Are click through rates on search results a ranking signal? The idea is that if the third result on a page is clicked more often than the first that it will, over time, rise to the second or first result.
I remember this question being asked numerous times when I was just starting out in the industry. Google representatives employed a potent combination of tap dancing and hand waving when asked directly. They were so good at doing this that we stopped hounding them and over the last few years I rarely hear people talking about, let alone asking, this question.
Perhaps it’s because more and more people aren’t focused on the algorithm itself and are instead focused on developing sites, content and experiences that will be rewarded by the algorithm. That’s actually the right strategy. Yet I still believe it’s important to understand the algorithm and how it might impact your search efforts.
Following is an exploration of why I believe click-through rate is a ranking signal.
Though the original principle wasn’t as clear cut, today’s interpretation of Occam’s Razor is that the simplest answer is usually the correct one. So what’s more plausible? That Google uses click-through rate as a signal or that the most data driven company in the world would ignore direct measurement from their own product?
It just seems like common sense, doesn’t it? Of course, we humans are often wired to make poor assumptions. And don’t get me started on jumping to conclusions based on correlations.
The argument against is that even Google would have a devil of a time using click-through rate as a signal across the millions of results for a wide variety of queries. Their resources are finite and perhaps it’s just too hard to harness this valuable but noisy data.
The Horse’s Mouth
It gets more difficult to make the case against Google using click-through rate as a signal when you get confirmation right from the horse’s mouth.
Google confirms watching clicks to evaluate results quality. FYI Google still won’t say if clicks used as rank signal pic.twitter.com/jzNGc5reQk
— Danny Sullivan (@dannysullivan) March 25, 2015
That seems pretty close to a smoking gun doesn’t it?
Now, perhaps Google wants to play a game of semantics. Click-through rate isn’t a ranking signal. It’s a feedback signal. It just happens to be a feedback signal that influences rank!
Call it what you want, at the end of the day it sure sounds like click-through rate can impact rank.
Want more? I couldn’t find this quote the first time around but here’s Marissa Mayer in the FTC staff report (pdf) on antitrust allegations.
According to Marissa Mayer, Google did not use click-through rates to determine the position of the Universal Search properties because it would take too long to move up on the SERP on the basis of user click-through rate.
In other words, they ignored click data to ensure Google properties were slotted in the first position.

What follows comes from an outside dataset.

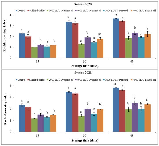 Effect of preharvest applications of oregano and thyme EOs on the rachis browning index of ‘Flame Seedless’ grapes during cold storage at 1 °C. Each value represents the mean ± SE of three replicates. Means followed by the same letters in each season and storage period are not significantly different according to Tukey’s HSD test at p ≤ 0.05.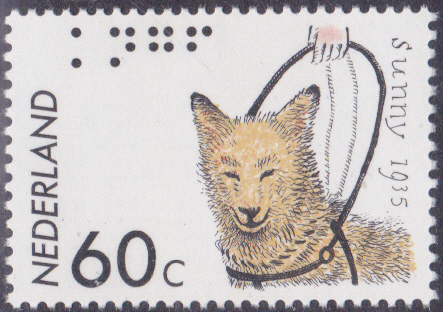 Zum Jubiläum "50 Jahre Königlich Niederländische Stiftung für Blindenhunde" ist in den Niederlande eine Marke (MiNr 1263) erschienen mit einem Blindenhund erschienen.

Then there’s former Google engineer Edmond Lau in an answer on Quora.
It’s pretty clear that any reasonable search engine would use click data on their own results to feed back into ranking to improve the quality of search results. Infrequently clicked results should drop toward the bottom because they’re less relevant, and frequently clicked results bubble toward the top. Building a feedback loop is a fairly obvious step forward in quality for both search and recommendations systems, and a smart search engine would incorporate the data.
So is Google a reasonable and smart search engine?
The Old Days
There are other indications that Google has the ability to monitor click activity on a query by query basis, and that they’ve had that capability for dog years.
Here’s an excerpt from a 2007 interview with Marissa Mayer, then VP of Search Products, on the implementation of the OneBox.
We hold them to a very high click through rate expectation and if they don’t meet that click through rate, the OneBox gets turned off on that particular query. We have an automated system that looks at click through rates per OneBox presentation per query. So it might be that news is performing really well on Bush today but it’s not performing very well on another term, it ultimately gets turned off due to lack of click through rates. We are authorizing it in a way that’s scalable and does a pretty good job enforcing relevance.
So way back in 2007 (eight years ago folks!) Google was able to create a scalable solution to using click-through rate per query to determine the display of a OneBox.
That seems to poke holes in the idea that Google doesn’t have the horsepower to use click-through rate as a signal.
The Bing Argument
Others might argue that if Bing is using click-through rate as a signal that Google surely must be as well. Here’s what Duane Forrester, Senior Product Manager for Bing Webmaster Outreach (or something like that) said to Eric Enge in 2011.
We are looking to see if we show your result in a #1, does it get a click and does the user come back to us within a reasonable timeframe or do they come back almost instantly?
Do they come back and click on #2, and what’s their action with #2? Did they seem to be more pleased with #2 based on a number of factors or was it the same scenario as #1? Then, did they click on anything else?
We are watching the user’s behavior to understand which result we showed them seemed to be the most relevant in their opinion, and their opinion is voiced by their actions.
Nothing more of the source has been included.